Aligned elements may not cross byte or bit boundaries unnecessarily. For instance [string{size:5}, number{size:4}] if this is self-aligned in a 32-bit architecture, the first element has to cross the boundary but the second does not, thus in order to prevent the second from crossing the boundary unnecessarily, 3 padding bytes are inserted between the two. Though this example is about self-aligned systems, the existence of a boundary seems to be critical in all strategies. Most of the strategy, then, seems to be about inferring this value. Likely, then, most of the configuration for alignment should be around how to find it. There can also be other boundaries, like banks.

Finding exceptional cases to data alignment is markedly difficult.

Padding/slop should be 00s but it’s not guaranteed. I wonder if Imperial can handle something more complex than specifying a padding byte (like in strings)? It’s possible that it could be directly accessible as a bin or a list of bins (or both).

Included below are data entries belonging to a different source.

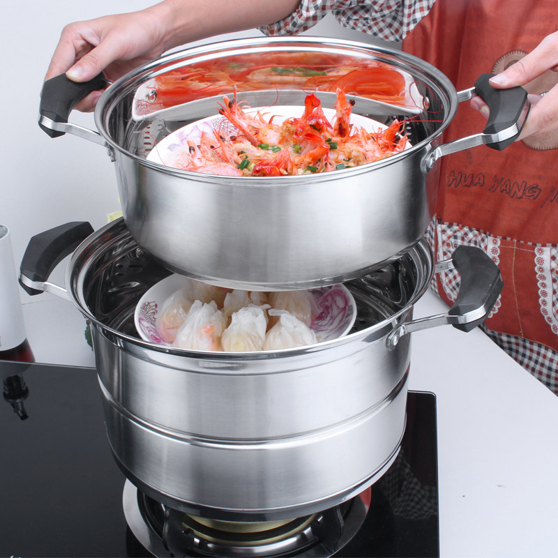 Ruicheng steamer stainless steel 2 3 layers thickened household multi-layer steamer gas stove double bottom steamed bun induction cooker special pot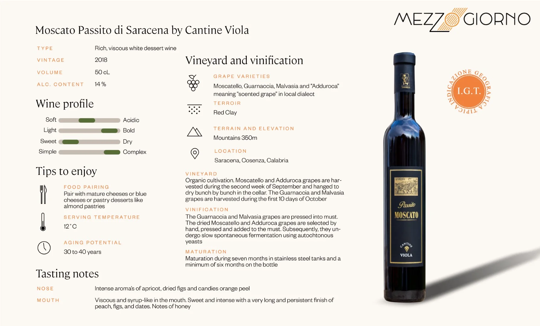De Moscato Passito di Saracena is de reden dat Luigi Viola in 1999 begon met het wijnhuis Cantine Viola. Na zijn pensioen was Luigi vastbesloten om zijn dorpje Saracena, midden in het Pollino nationaal park, opnieuw op de kaart te zetten. Al in de 16e eeuw werd deze wijn gemaakt en in 1901 werd hij in het boek “By the Ionian Sea” als volgt beschreven: “Ik herinner me alleen, als enige de moeite waard in Sybaris, een smakelijke witte wijn genaamd Moscato di Saracena”.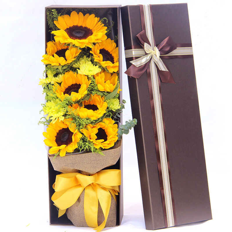 【笑看人生】精选8支向日葵,搭配黄英点缀。

The configuration may be as simple as having a maximum number of bytes the boundary can contain, then the actual number would be the largest type in the structure up to that amount. Exceptional cases will decide if there’s more info…if I can find them.

gcc offers alignment overrides per member.

Maybe a better idea to have alignment as a locator key on serializables? This will need to inspect the following struct’s size in order to determine where its boundary will be, but that’s fine. It’s only if we’re keeping the padding, I guess. Since this would change the base, it might be better served as an option under base, then references to base don’t have to be weird. Maybe it’s just better as base: math("something & 0xf8") though that’s not notational and makes automatic bases annoying

Recommendation so far

Add aligned specialized key to all serializables which can take a basic of packed (default), self, or a size specifiying the size of a row (wrt bounding). It’s possible other basics (particularly literals) could be added later. As a struct it has the keys:

The basic should be normalized to the actual size used.